REQUIRED ACTION: Return exactly those lines of the material below that fall between the line holding "Women Vintage Plaid" and the line holding "The Plantation Directorate", inclusive.

SOURCE MATERIAL:
»»

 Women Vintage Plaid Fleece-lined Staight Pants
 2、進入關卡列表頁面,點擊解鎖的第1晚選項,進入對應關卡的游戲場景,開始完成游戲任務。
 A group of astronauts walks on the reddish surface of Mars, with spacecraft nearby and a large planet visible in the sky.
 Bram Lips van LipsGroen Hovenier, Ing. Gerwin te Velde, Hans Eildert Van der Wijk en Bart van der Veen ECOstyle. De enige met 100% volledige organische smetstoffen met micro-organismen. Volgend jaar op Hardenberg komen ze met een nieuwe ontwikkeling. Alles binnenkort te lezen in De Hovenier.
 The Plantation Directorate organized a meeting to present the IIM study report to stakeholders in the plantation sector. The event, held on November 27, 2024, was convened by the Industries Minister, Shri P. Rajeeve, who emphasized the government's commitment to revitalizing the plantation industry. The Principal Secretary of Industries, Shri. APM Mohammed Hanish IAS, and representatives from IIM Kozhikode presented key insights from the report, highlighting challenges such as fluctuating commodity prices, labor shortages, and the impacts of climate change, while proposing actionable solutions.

««
»»

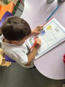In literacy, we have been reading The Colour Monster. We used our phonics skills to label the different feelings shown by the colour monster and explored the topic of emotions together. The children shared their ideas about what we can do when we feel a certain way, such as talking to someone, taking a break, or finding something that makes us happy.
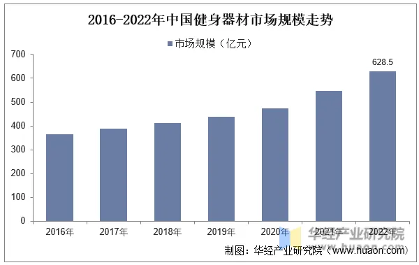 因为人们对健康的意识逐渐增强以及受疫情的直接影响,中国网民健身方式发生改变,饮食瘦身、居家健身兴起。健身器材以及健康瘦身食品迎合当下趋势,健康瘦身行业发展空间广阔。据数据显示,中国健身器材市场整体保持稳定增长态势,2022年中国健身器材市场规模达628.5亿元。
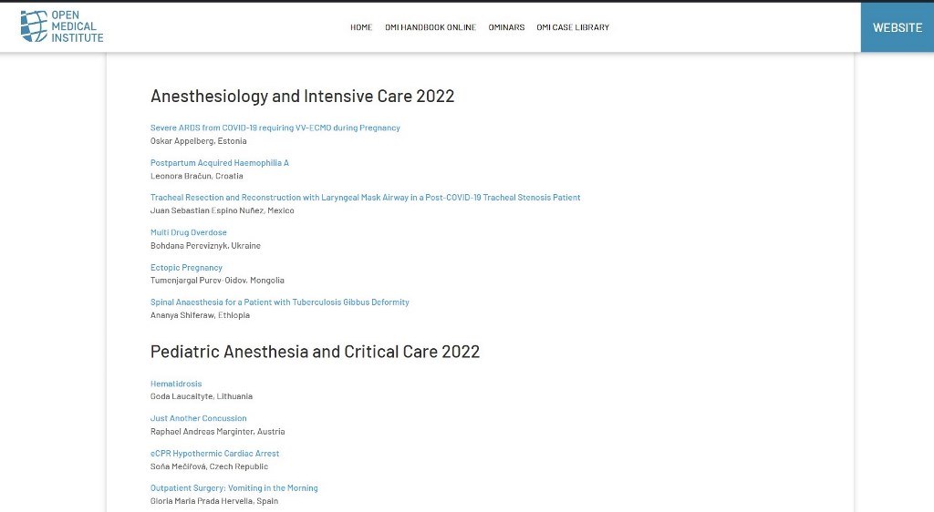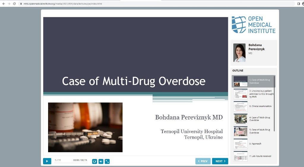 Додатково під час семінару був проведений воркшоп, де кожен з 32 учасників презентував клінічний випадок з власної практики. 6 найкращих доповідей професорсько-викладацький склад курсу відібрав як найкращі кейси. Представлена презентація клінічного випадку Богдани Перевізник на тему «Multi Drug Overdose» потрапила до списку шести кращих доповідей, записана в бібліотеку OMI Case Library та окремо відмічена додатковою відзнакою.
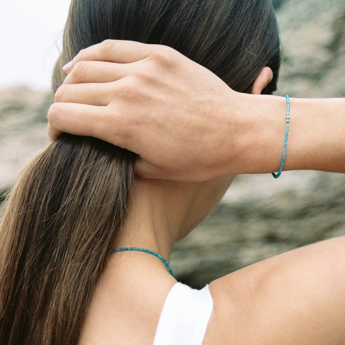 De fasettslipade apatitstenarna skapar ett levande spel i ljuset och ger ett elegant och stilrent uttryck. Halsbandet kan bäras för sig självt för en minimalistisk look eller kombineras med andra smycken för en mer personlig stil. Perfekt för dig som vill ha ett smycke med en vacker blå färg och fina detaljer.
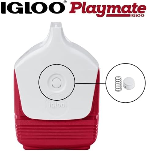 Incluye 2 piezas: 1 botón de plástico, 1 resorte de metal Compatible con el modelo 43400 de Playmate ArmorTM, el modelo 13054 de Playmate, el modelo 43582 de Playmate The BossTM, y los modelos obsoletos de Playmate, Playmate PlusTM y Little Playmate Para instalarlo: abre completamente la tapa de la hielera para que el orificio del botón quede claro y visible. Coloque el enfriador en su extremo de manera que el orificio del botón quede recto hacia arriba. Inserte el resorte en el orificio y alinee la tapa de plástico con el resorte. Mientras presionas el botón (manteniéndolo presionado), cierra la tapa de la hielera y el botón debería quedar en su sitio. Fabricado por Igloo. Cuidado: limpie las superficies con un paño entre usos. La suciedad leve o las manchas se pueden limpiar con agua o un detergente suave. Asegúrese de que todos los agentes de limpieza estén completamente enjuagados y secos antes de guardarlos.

««

EXERCISE RESULT:
 Women Vintage Plaid Fleece-lined Staight Pants
 2、進入關卡列表頁面,點擊解鎖的第1晚選項,進入對應關卡的游戲場景,開始完成游戲任務。
 A group of astronauts walks on the reddish surface of Mars, with spacecraft nearby and a large planet visible in the sky.
 Bram Lips van LipsGroen Hovenier, Ing. Gerwin te Velde, Hans Eildert Van der Wijk en Bart van der Veen ECOstyle. De enige met 100% volledige organische smetstoffen met micro-organismen. Volgend jaar op Hardenberg komen ze met een nieuwe ontwikkeling. Alles binnenkort te lezen in De Hovenier.
 The Plantation Directorate organized a meeting to present the IIM study report to stakeholders in the plantation sector. The event, held on November 27, 2024, was convened by the Industries Minister, Shri P. Rajeeve, who emphasized the government's commitment to revitalizing the plantation industry. The Principal Secretary of Industries, Shri. APM Mohammed Hanish IAS, and representatives from IIM Kozhikode presented key insights from the report, highlighting challenges such as fluctuating commodity prices, labor shortages, and the impacts of climate change, while proposing actionable solutions.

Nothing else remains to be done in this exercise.